[Dataset excerpts Boundary: Start]
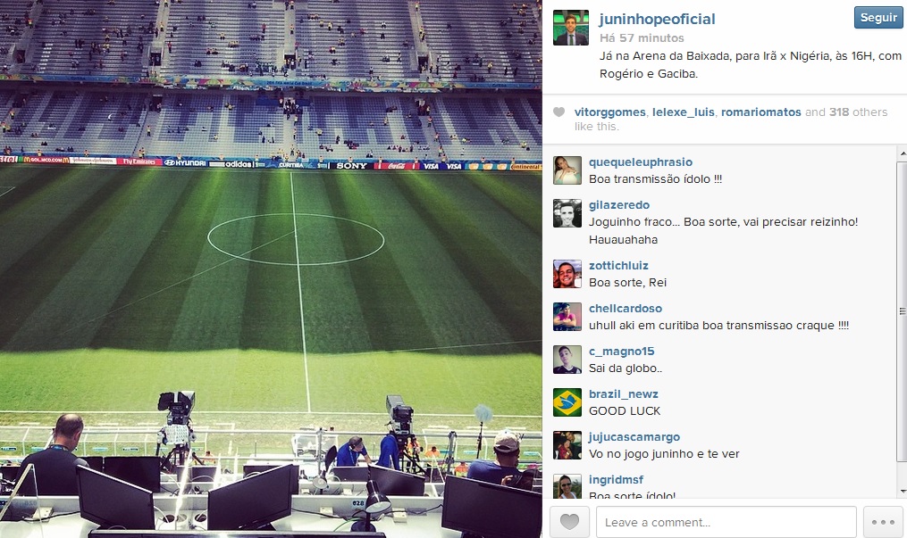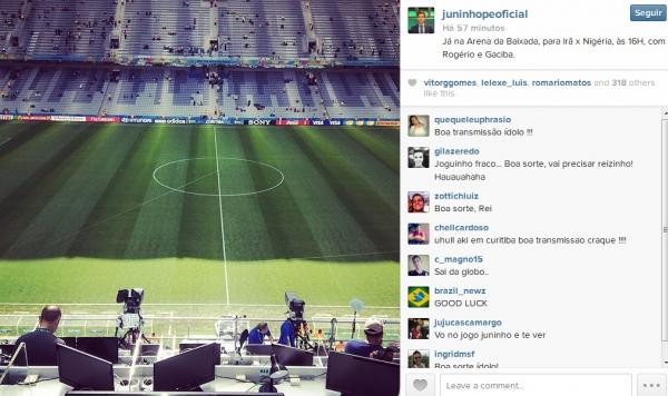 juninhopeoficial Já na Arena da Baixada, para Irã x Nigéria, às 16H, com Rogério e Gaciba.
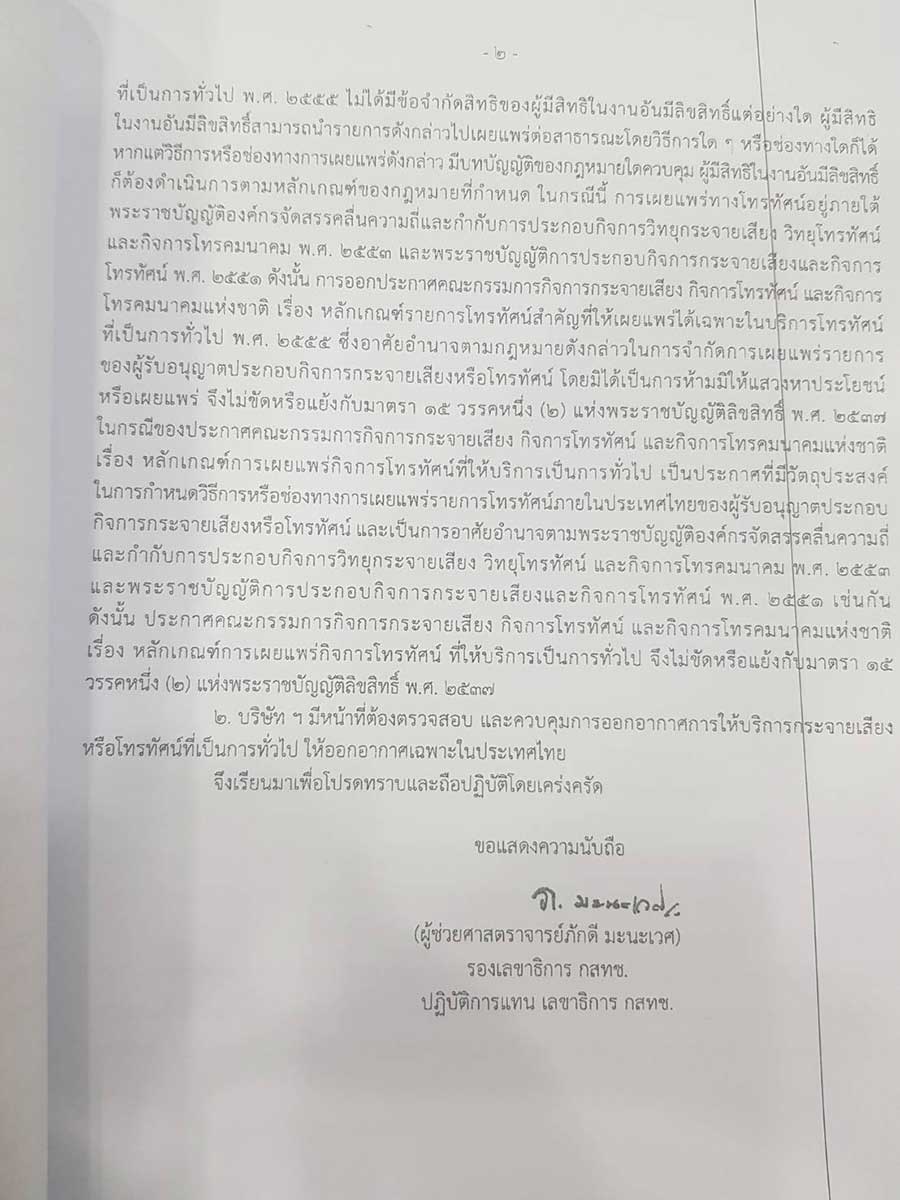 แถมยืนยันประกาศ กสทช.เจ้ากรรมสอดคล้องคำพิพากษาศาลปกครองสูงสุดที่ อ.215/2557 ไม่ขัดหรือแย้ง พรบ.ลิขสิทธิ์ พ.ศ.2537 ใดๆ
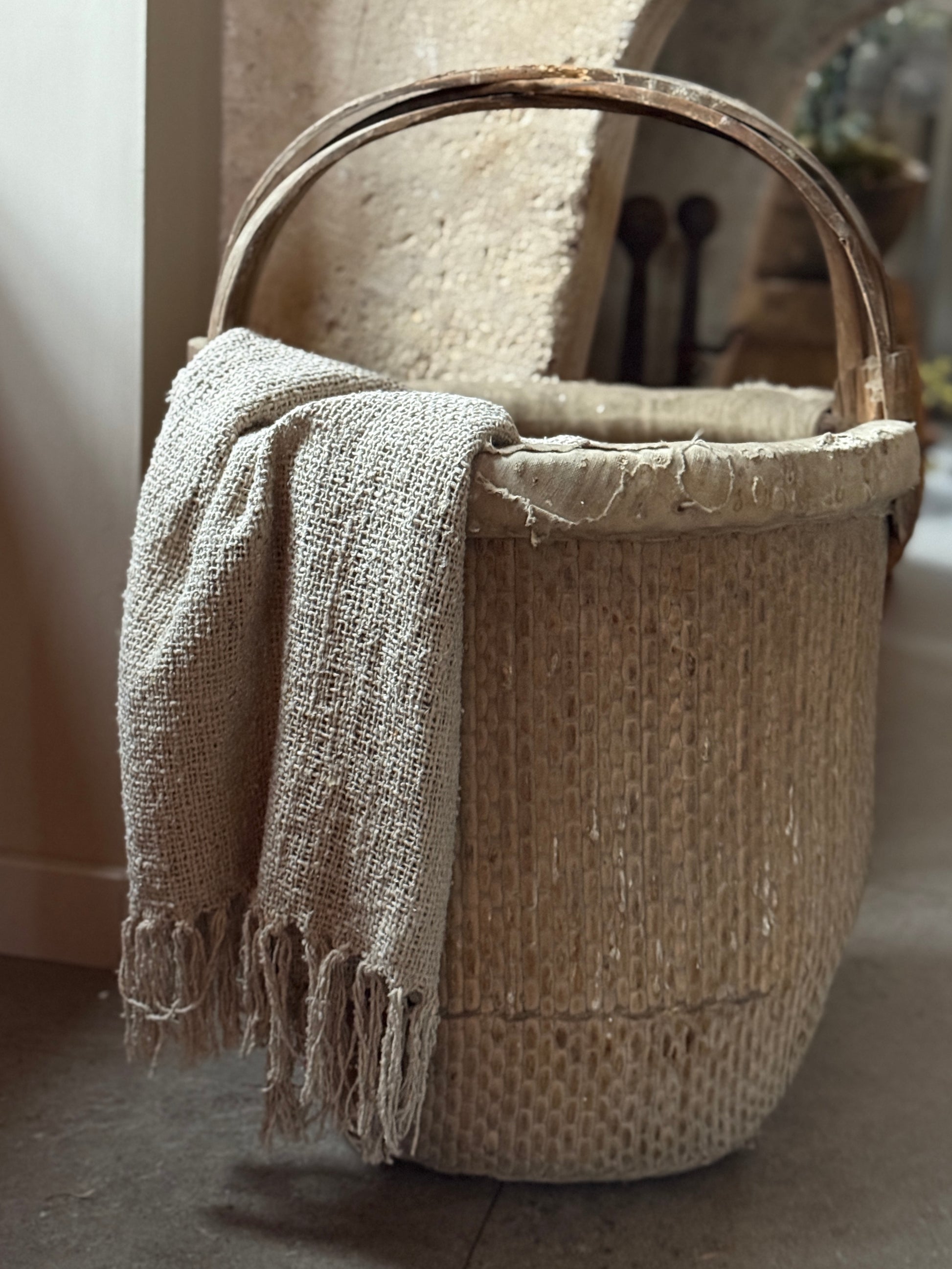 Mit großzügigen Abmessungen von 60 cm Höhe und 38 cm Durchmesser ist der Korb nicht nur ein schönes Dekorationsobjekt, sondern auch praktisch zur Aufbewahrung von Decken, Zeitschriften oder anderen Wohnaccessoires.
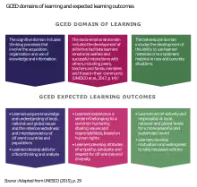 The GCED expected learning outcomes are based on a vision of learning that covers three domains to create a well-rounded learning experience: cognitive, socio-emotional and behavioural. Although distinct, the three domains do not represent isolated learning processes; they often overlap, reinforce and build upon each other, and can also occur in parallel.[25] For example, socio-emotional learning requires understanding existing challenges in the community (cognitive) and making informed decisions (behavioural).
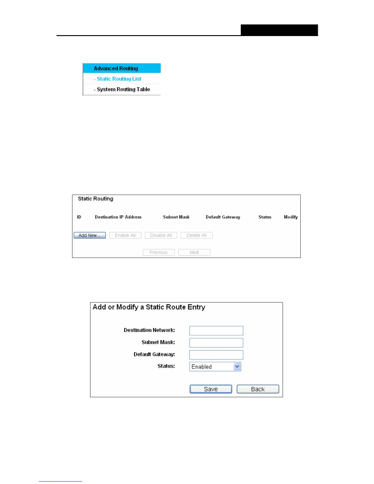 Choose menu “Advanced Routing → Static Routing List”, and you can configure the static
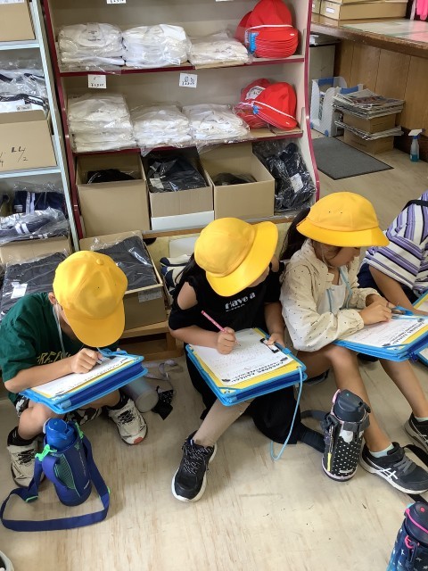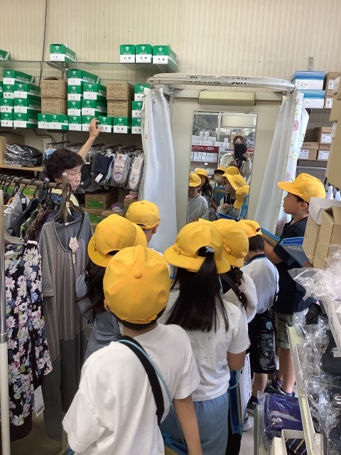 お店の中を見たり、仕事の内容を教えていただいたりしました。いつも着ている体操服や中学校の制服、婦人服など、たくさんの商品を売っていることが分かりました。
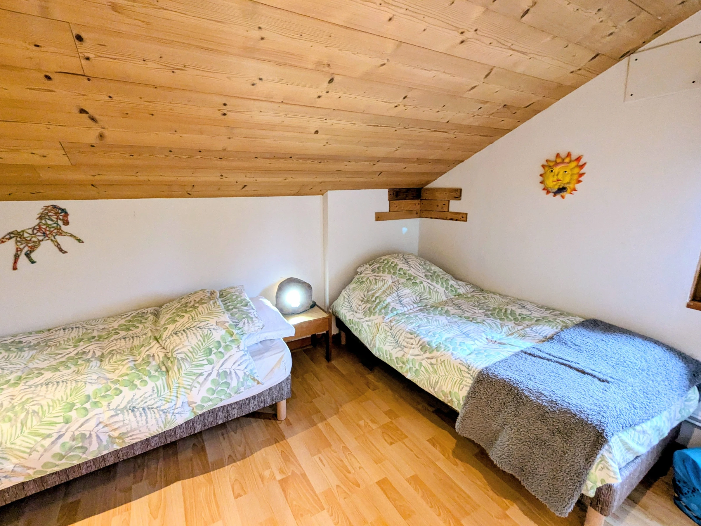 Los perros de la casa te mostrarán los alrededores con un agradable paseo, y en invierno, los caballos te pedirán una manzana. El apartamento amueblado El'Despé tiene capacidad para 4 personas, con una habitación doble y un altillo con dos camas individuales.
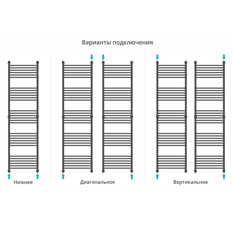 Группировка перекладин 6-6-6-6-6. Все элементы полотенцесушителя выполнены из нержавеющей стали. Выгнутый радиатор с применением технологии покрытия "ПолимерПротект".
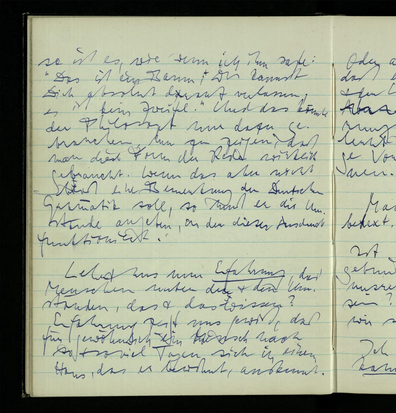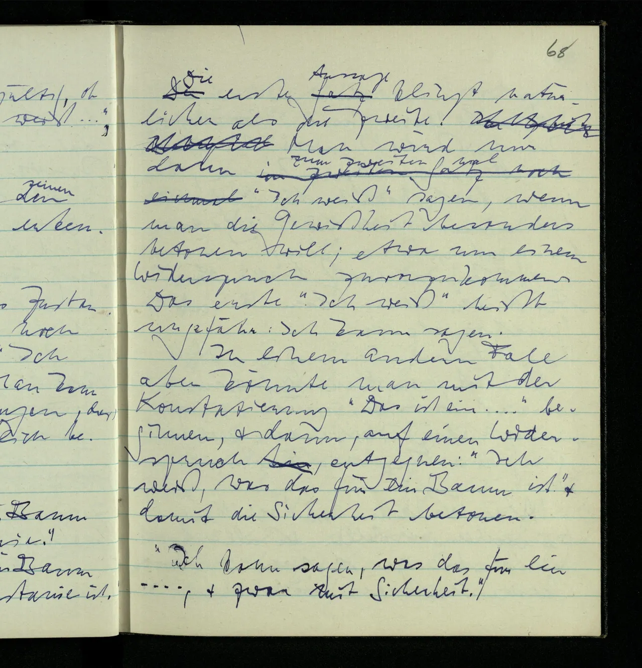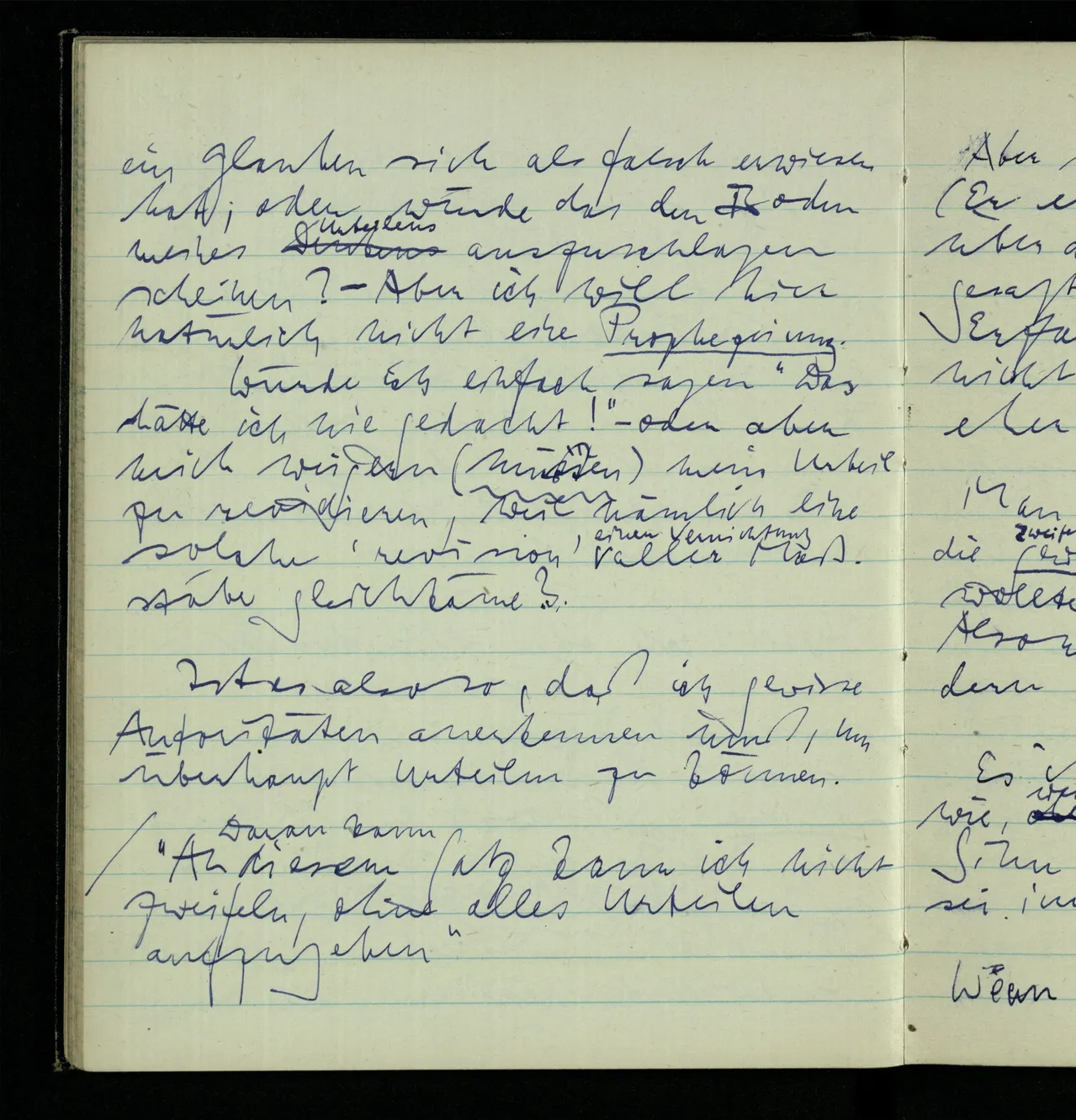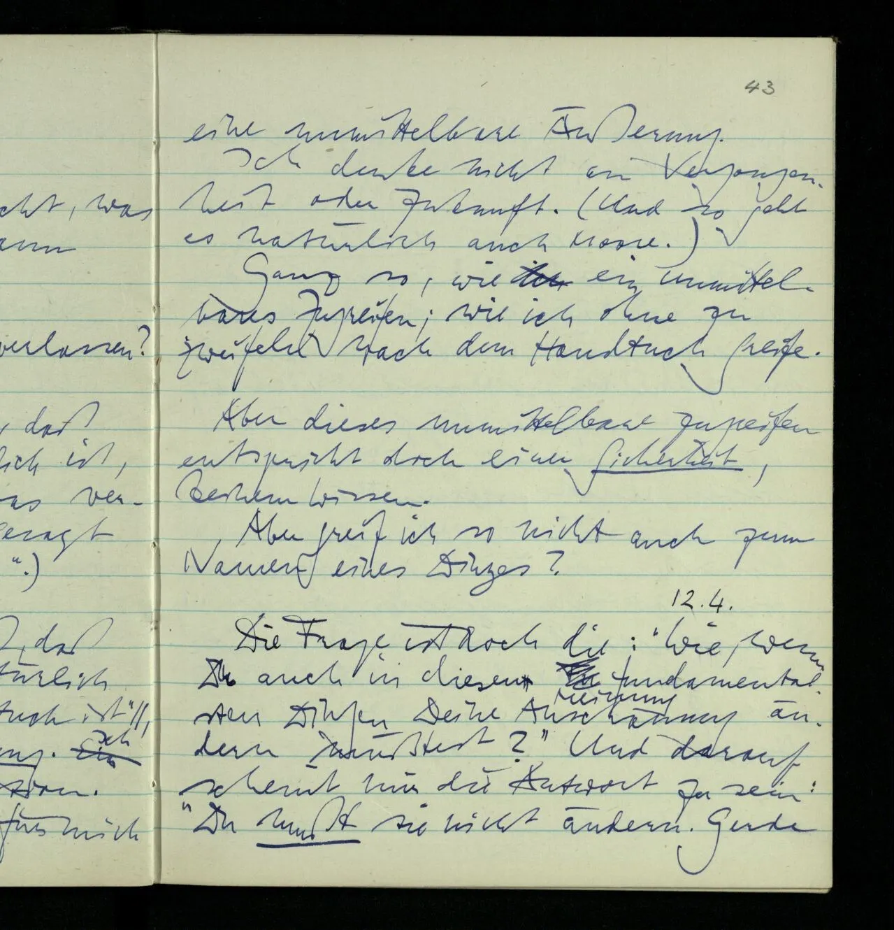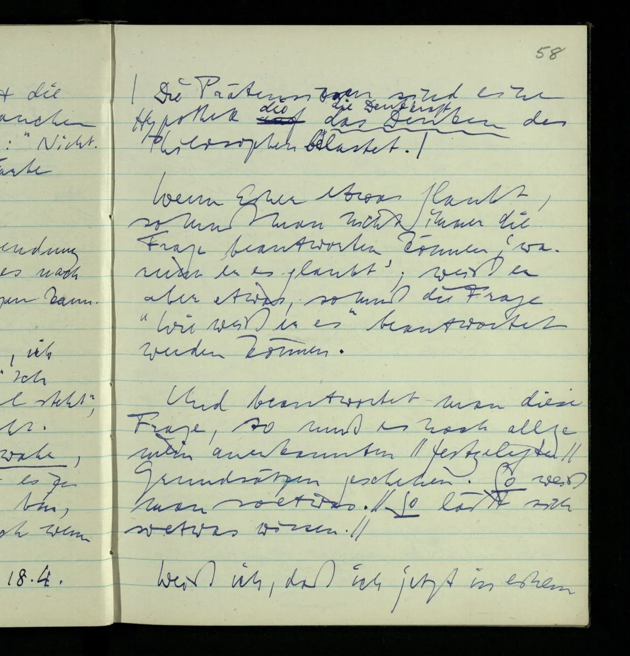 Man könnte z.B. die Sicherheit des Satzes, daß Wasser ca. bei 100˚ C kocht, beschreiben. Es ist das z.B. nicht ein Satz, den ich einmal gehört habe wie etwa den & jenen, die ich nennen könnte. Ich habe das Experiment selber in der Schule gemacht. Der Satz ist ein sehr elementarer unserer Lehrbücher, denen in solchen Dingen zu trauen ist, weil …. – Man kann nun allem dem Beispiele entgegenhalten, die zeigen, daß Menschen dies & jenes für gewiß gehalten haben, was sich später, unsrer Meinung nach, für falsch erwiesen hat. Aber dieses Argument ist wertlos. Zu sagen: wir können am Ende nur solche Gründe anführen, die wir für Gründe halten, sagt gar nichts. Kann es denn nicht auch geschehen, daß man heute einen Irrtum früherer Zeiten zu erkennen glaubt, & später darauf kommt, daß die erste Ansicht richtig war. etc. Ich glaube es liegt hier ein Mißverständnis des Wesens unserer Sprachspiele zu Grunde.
[Dataset excerpts Boundary: End]
→ **Task objective**: Transcribe only this stretch of the data: the line with "Los perros de", the line with "Группировка перекладин 6-6-6-6-6.", and every line in between. Leave out the pictures.

→ **Answer to the exercise**:
 Los perros de la casa te mostrarán los alrededores con un agradable paseo, y en invierno, los caballos te pedirán una manzana. El apartamento amueblado El'Despé tiene capacidad para 4 personas, con una habitación doble y un altillo con dos camas individuales.
 Группировка перекладин 6-6-6-6-6. Все элементы полотенцесушителя выполнены из нержавеющей стали. Выгнутый радиатор с применением технологии покрытия "ПолимерПротект".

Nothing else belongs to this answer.